The other big change is that the merchant silicon for switches has become more capable, and a lot of the routing functions that used to be only available on custom ASICs are now in chips like Jericho. Just as is the case with the X86 processor, which is a compute engine that can do many different kinds of jobs, some hyperscalers are going to want a flexible switch ASIC that can also handle routing.
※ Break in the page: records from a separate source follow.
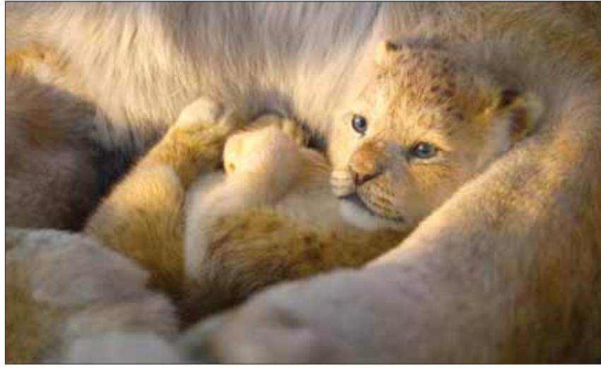
الشبل في حضن أبيه؛ لقطة من «ذا ليون كينغ»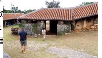
東京さんぽサイト

沖縄が本土復帰した1972年、後の人間国宝・金城次郎氏が那覇市壺屋から読谷村に移住。その後、軍用地の跡地利用としての「やちむんの里」に呼応した4人の陶芸家が1980年に共同登り窯を造って「読谷山焼」作りを始めた。1992年にはここで修行を積んだ若手陶工4人が読谷山焼「北窯」として独立した。現在、里内には14の工房があり陶芸家による創作と生活が一体行なわれている。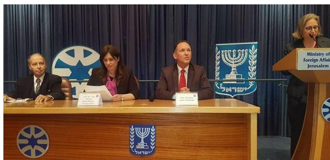
Autoridades de la cancillería israelí y el embajador de Paraguay (decano del GRULA) durante la ceremonia de MASHAV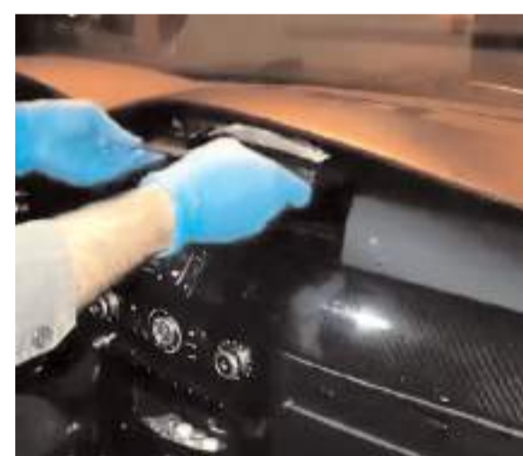
Polis ekipleri aracın teyp kısmının arkasının zulaya dönüştürüldüğünü tespit etti.

Doktor ataması ile ilgili açıklama yapan CHP Çorum Milletvekili Mehmet Tahtasız, 8 ilçeye atama yapılmadığını belirterek, mevcut atamaların beklentileri ve ihtiyacı karşılamadığını söyledi. * HABERİ2'DE

The routing functions that are part of the Jericho chips are not embedded in the “Trident-II” or “Tomahawk” switch chips (The StratusXGS line in the marketing catalog) that Broadcom has created for leaf and spine switches and, in the case of the Tomahawks were deployed in a line of switches last fall that adhere to the 25G Ethernet standards pushed by the hyperscalers to reduce their costs while boosting bandwidth and port counts. And because of the extra expense of the ASICs as well as the increased capability they offer (including routing functions, scalable deep packet buffers and tables), the Jericho chips (which are in the StratusDNX family as the Dune devices are known externally) cost more and so do the switches that employ them. (We will get to that in a moment.)
There are different Broadcom horses for different datacenter courses. The Trident-II delivers 1.28 Tb/sec of switching bandwidth and the follow-on Tomahawk almost triples that up to 3.2 Tb/sec; they have a few megabytes of buffers for holding data when it busts in faster than the line rate of the ASIC can handle. The Jericho chip, which is slower at 720 Gb/sec of aggregate switching bandwidth, is quite a bit slower, but you can link up to four of them together without a chip fabric to create a four-socket virtual ASIC with 2.88 Tb/sec of bandwidth, and for larger configurations, switch makers can create a spine fabric with 144 of the Jericho chips with 103.7 Tb/sec of aggregate bandwidth that could, in theory, support 6,000 ports running at 100 Gb/sec in a single-tier fabric.
While Arista would love to have customers use the new 7500R switches based on the Jericho switches in both the top layer of the stack where routing is done and in the middle layer where the spine aggregation is done, the odds are that most datacenter customers will use some 7300-class modular spine switches based on the Tomahawk chips (which we detailed last fall) in their fabrics. Others will build leaf/spine networks using fixed port switches, also based on Tomahawks, and feed up into a converged switch/router layer.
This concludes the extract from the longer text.